The most direct effect on the efficiency is the temperature of solar modules. I discussed the reasons why the temperature of modules can affect the efficiency of solar cells and the explanation of how can we improve the solar system to decrease the influence of high cell temperature. The scarcity of traditional energy increases, so the scale of use of renewable energy increases. The efficiency of the energy-generating system is the most important factor that users consider. The extent of change in the temperature of solar modules is the highest, so the temperature of solar modules can cause an influential decrease in the efficiency of energy generation. I have used the data based on experiments set by other authors to illustrate the extent of influences of four main variables on the efficiency of the solar cells. I used of the properties of air and water to design two schemes to minimize the effects of high temperatures of solar cells. I compared the change in efficiency under one unit increase in variables. All of the data used in calculating or referring are from different experiments done by different authors. I connected the results with real conditions to determine the most influential variables-temperature of modules. Based on the theoretical result, the shading effect has the largest value of decrease in efficiency, so the effects of shading are considered by manufacturers a lot.

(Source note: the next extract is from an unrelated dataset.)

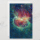 This infrared image from NASA's Wide-field Infrared Survey Explorer, or WISE, shows the Lambda Centauri nebula, a star-forming cloud in our Milky Way galaxy, also known as the Running Chicken nebula. The nebula, catalogued as IC 2944, is about 5,800 light-years from Earth and is home to a new cluster of stars born from the cloud nearly 8 million years ago. The hottest members of the cluster produce enough ultraviolet radiation and strong winds to convert the cloud into ions and excavate it. The ionised gas glows in visible light, but in infrared light we see the dust in the cloud warmed by the very same radiation. The red, glowing dust is the coolest material visible in this image and is composed of metallic dust grains. The greenish components in the image are warmer dust grains composed of smog-like materials. The large green ring-like structure near the middle of the image is some 77 light-years across and was formed when materials that created the stars in the clusters were blown back by the combined winds of the stars. The nebula gets its common name because in some visible light images it resembles a running chicken. It is also called the Lambda Centauri nebula because it appears to surround the bright star Lambda Centauri. Lambda Centauri is one of the brightest stars in the constellation Centaurus. The brightest stars in the sky are named based on the constellation they are in. For example, the brightest star in the constellation Centaurus is Alpha Centauri, the next brightest star in that constellation is Beta Centauri, and so forth. Lambda Centauri is therefore the 11th brightest star in the constellation Centaurus. It is not so bright in infrared light, however. In this WISE image, it appears as the dimmer, lower, and bluer of two bright stars in the upper right-hand corner of the image. It is a blue giant star about 410 light-years away. So, in fact, Lambda Centauri is much closer to Earth than IC 2944 and has nothing to do with the nebula at all. This image is a four-colour composite created by all four of WISE's infrared detectors. Colour is representational: blue and cyan represent infrared light observed at wavelengths of 3.4 and 4.6 microns, which is mostly light from stars. Green and red represent light observed at 12 and 22 microns, which is mostly light from warm dust, with red indicating temperatures lower than green.

Based on real-life situations, the scale of change in the temperature of modules and the actual temperature of modules are always higher than the standard operating temperature, 25℃, so the temperature of modules is the most influential variable. Monocrystalline silicon solar cells have different extents of influence of variables to polycrystalline silicon solar cells, these two types of solar cells are suitable to be installed in regions with low humidity. However polycrystalline solar cells are more sensitive to increases in the temperature of modules, so they need to pay more attention and avoid the effects of high temperature of modules.